Meadowhall Finance – We added to one of our highest-conviction positions after Norges Bank took control of this Sheffield-based shopping centre.
Bank of America – Volatile market conditions in early August provided us with an opportunity to add Bank of America to the portfolio.
Barclays – Within the UK bank sector, we sold out of Barclays and used the proceeds to top up the fund’s exposure to Lloyds and NatWest.
Other additions over the quarter included Heathrow, Pearson, Land Securities and Great Portland Estates.
HSBC and Santander – We reduced our exposure to these two banks, whose bonds were not as attractively valued as they once were.
BNP and BFCM – questions about the French government’s untameable budget deficits are growing louder, so we sold the fund’s holdings in bonds issued by French banks, which would be exposed were there to be a sell-off in French government bonds.
- High-yield bonds (28% of the fund)
These are issued by companies who ratings agencies regard as being at greater risk of defaulting on their debts and which therefore offer a higher yield to compensate for that risk. Their returns are influenced by movements in the underlying yields on government bonds and by changes in investors’ appetite for risk and their views on the economy.
Carnival – We added some exposure to this cruise line operator after a ratings upgrade from Moody’s. It continues to chart a course back to investment-grade status.
Restaurant Brands International – We bought a newly issued, dollar-denominated bond from the owner of Burger King and one of the world’s largest fast-food operators.
Keepmoat – We added bonds issued by this UK housebuilder, whose focus on affordable housing aligns it with the goals of the new government.
Azelis – We bought bonds from European specialty chemical manufacturer Azelis whose products are used in the life sciences industry and in industrial applications.
IGT Lottery – We added bonds from IGT, which provides technology to the global lottery and gaming industry.
IHO – We reduced the fund’s holdings in the auto sector earlier this year. But after a difficult period for the industry and a repricing of its bonds, we added back a small position in one of our favoured names. IHO is the holding entity for the Schaeffler family’s holdings in auto suppliers Schaeffler, Continental and Vitesco.
Center Parcs – This holiday resort’s impressive ability to push up prices may finally be at its limit.
Ocado – We sold our position in food-delivery and technology company Ocado following a successful refinancing operation. Although we still believe in its mission to become a high-margin, high-cashflow technology services company, this is now reflected in the price of its bonds.
Outlook
Today, the inflation picture in the US is admittedly rather muddy. The path globally, however, is still towards lower rates. We would caution against reading across too much from (volatile) economic data in the US to the prospects for interest rates worldwide.
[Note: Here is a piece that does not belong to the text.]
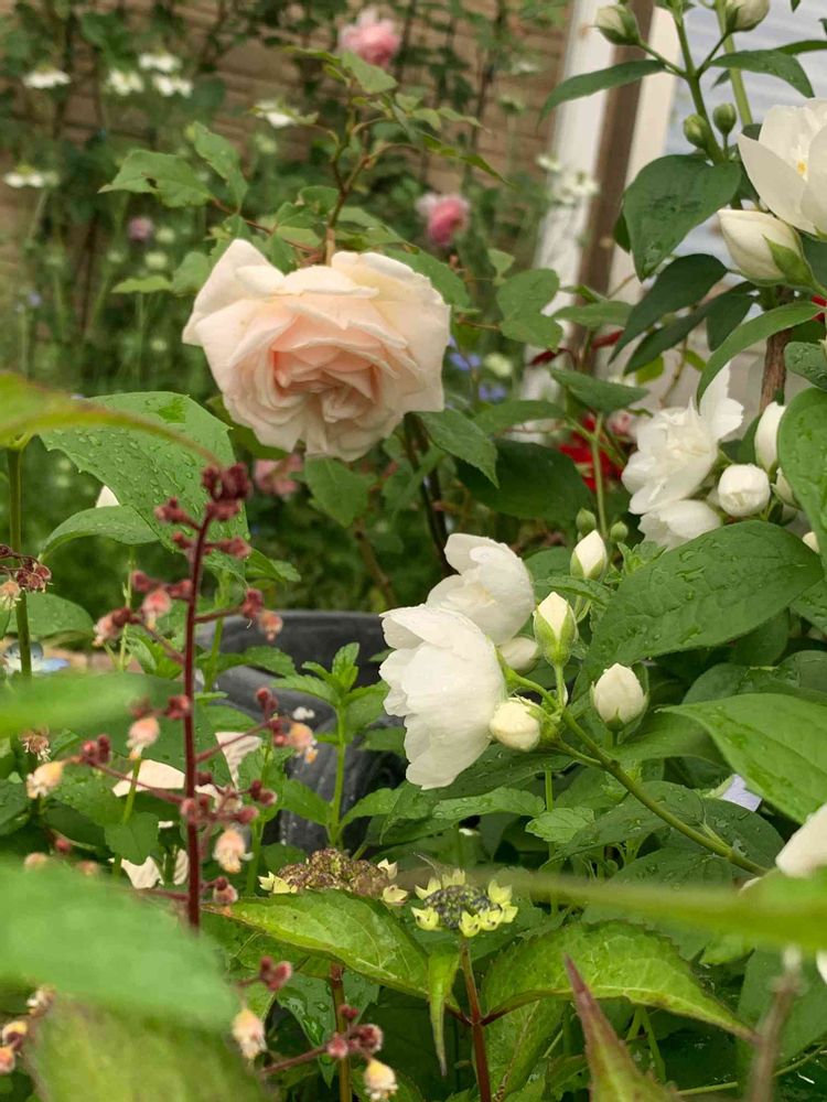 何度見ても梅花空木の丸っこさが可愛いねꈍ◡ꈍ♡バラさん達やヒューケラさんとのお花会議参加してみたいね💖

Even if the US central bank were to move more hesitantly in lowering interest rates than was expected a few weeks ago, it would not negate the powerful effect of lower interest rates in other economies. All major developed-market central banks have brought inflation down considerably and, with the exception of the Bank of England and perhaps the Norwegian central bank, they now see slowing economic growth as a greater risk than inflation. Japan is the only clear outlier.
All else being equal, lower interest rates should be good news for bonds of almost every variety. Within that, we believe the argument for investing in short-dated investment grade bonds is particularly compelling.